[R] ppr, number of terms, and data ordering
david.beede@mail.doc.gov
david.beede at mail.doc.gov
Wed Jun 6 18:11:48 CEST 2001
Dear R listers --
I have several questions about using the ppr command in the modreg module.
I discovered -- quite by accident -- that if I re-order the data, I obtain different
results. The output below shows what I mean. I have two datasets (dataset1 and dataset2)
that are identical (tested using proc compare in SAS) except for the fact that the records
are in different order. Below I have pasted in the results from running ppr on the two
data sets in their original order (first and third sets of results below) and running
ppr after sorting the datasets by idnum (second and third sets of results below).
At first I thought that perhaps the regression parameters are different but the underlying
results are equivalent but predicted values are significantly different. I tried
increasing the bass parameter, thinking that perhaps I was overfitting the data,
but the differences in the regression parameters remained. Finally, I originally had lots
of other RHS variables, including indicator variables; stripping those variables out
did not change my findings, as shown below.
My first question is: is there a recommended way to sort the data before running ppr?
In the meantime, I'll try sorting by my two continuous RHS variables to see if it makes
a difference -- not a definitive answer but it may be suggestive.
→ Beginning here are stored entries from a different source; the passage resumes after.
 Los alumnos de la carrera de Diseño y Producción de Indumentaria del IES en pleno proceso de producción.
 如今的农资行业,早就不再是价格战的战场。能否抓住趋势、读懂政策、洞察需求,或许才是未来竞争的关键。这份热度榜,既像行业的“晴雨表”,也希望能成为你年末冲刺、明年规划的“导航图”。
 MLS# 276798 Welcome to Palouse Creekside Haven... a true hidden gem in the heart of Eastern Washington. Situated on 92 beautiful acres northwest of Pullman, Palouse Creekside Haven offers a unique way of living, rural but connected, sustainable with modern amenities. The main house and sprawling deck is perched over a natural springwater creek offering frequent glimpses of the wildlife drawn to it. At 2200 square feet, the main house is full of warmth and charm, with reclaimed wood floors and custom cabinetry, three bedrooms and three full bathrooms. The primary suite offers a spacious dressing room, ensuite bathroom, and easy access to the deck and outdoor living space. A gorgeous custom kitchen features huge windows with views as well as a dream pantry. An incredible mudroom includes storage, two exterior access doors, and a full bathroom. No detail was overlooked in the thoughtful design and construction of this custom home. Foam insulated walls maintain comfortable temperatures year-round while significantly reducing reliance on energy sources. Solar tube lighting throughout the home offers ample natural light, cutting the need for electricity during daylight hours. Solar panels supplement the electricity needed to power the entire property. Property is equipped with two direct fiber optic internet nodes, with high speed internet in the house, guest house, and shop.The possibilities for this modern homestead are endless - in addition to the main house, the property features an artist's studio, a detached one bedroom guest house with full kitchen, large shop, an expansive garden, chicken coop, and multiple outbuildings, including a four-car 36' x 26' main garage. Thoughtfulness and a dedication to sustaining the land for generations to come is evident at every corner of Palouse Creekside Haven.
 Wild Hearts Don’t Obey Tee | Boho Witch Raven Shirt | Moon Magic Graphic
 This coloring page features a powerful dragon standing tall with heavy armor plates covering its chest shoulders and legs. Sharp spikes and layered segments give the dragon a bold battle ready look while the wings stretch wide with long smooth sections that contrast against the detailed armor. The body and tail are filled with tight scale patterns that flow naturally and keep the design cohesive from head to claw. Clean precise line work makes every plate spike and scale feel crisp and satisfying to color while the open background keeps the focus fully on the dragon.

My second question is: is my method for deciding on the number of terms in the regression
okay? What I am doing is first running ppr with a large maximum number of terms, then
finding the number of terms that minimizes the goodness-of-fit statistic. Looking at the
cpus example in the section of MASS that deals with ppr (pp. 293-294), it is unclear why
eight terms were finally chosen, when using ten terms yields a lower goodness-of-fit
statistic.
Finally, in the same example in MASS, where does the test.cpus() function come from? I
couldn't find it in the MASS table of contents on CRAN.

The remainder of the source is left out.